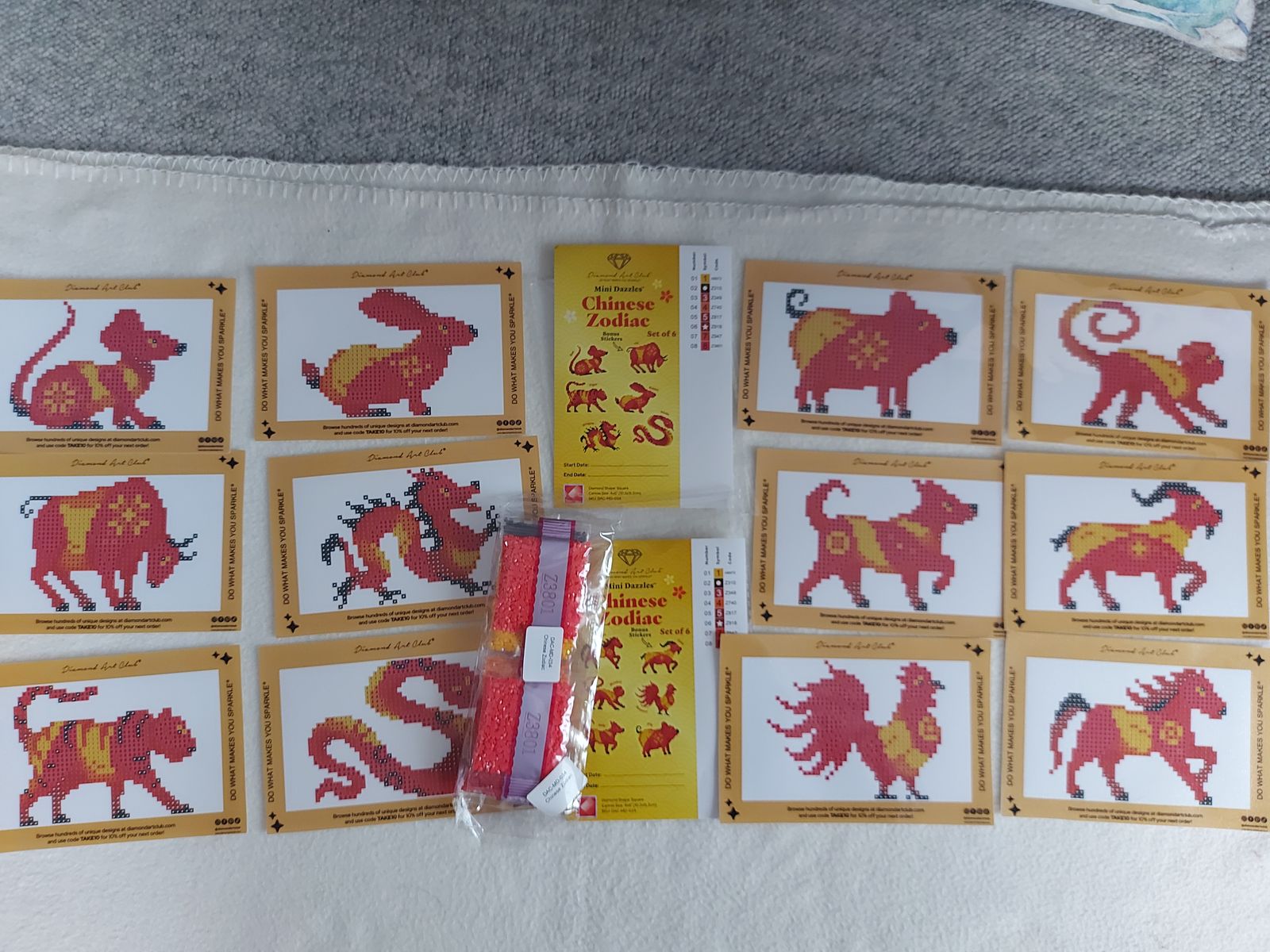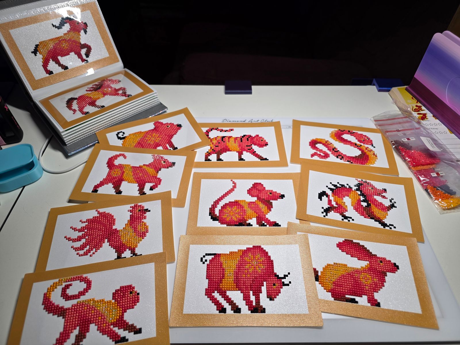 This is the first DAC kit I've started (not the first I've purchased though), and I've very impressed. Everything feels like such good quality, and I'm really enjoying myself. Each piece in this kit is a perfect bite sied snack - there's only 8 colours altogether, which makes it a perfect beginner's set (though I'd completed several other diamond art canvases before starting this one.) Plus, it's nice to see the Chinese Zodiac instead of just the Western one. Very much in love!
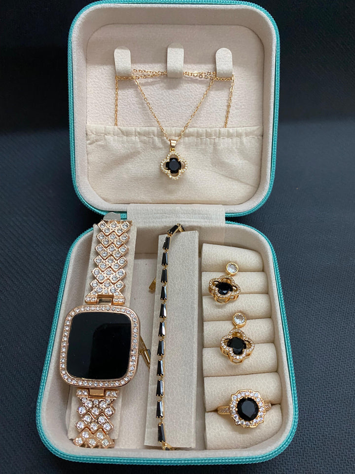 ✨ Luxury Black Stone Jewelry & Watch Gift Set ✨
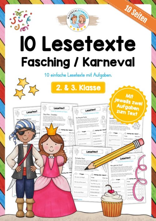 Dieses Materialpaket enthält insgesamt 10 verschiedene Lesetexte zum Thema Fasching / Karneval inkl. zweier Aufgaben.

→ **ASSIGNED TASK**
The material above is to be output exactly, with each picture left out.

→ **TASK OUTPUT**
 This is the first DAC kit I've started (not the first I've purchased though), and I've very impressed. Everything feels like such good quality, and I'm really enjoying myself. Each piece in this kit is a perfect bite sied snack - there's only 8 colours altogether, which makes it a perfect beginner's set (though I'd completed several other diamond art canvases before starting this one.) Plus, it's nice to see the Chinese Zodiac instead of just the Western one. Very much in love!
 ✨ Luxury Black Stone Jewelry & Watch Gift Set ✨
 Dieses Materialpaket enthält insgesamt 10 verschiedene Lesetexte zum Thema Fasching / Karneval inkl. zweier Aufgaben.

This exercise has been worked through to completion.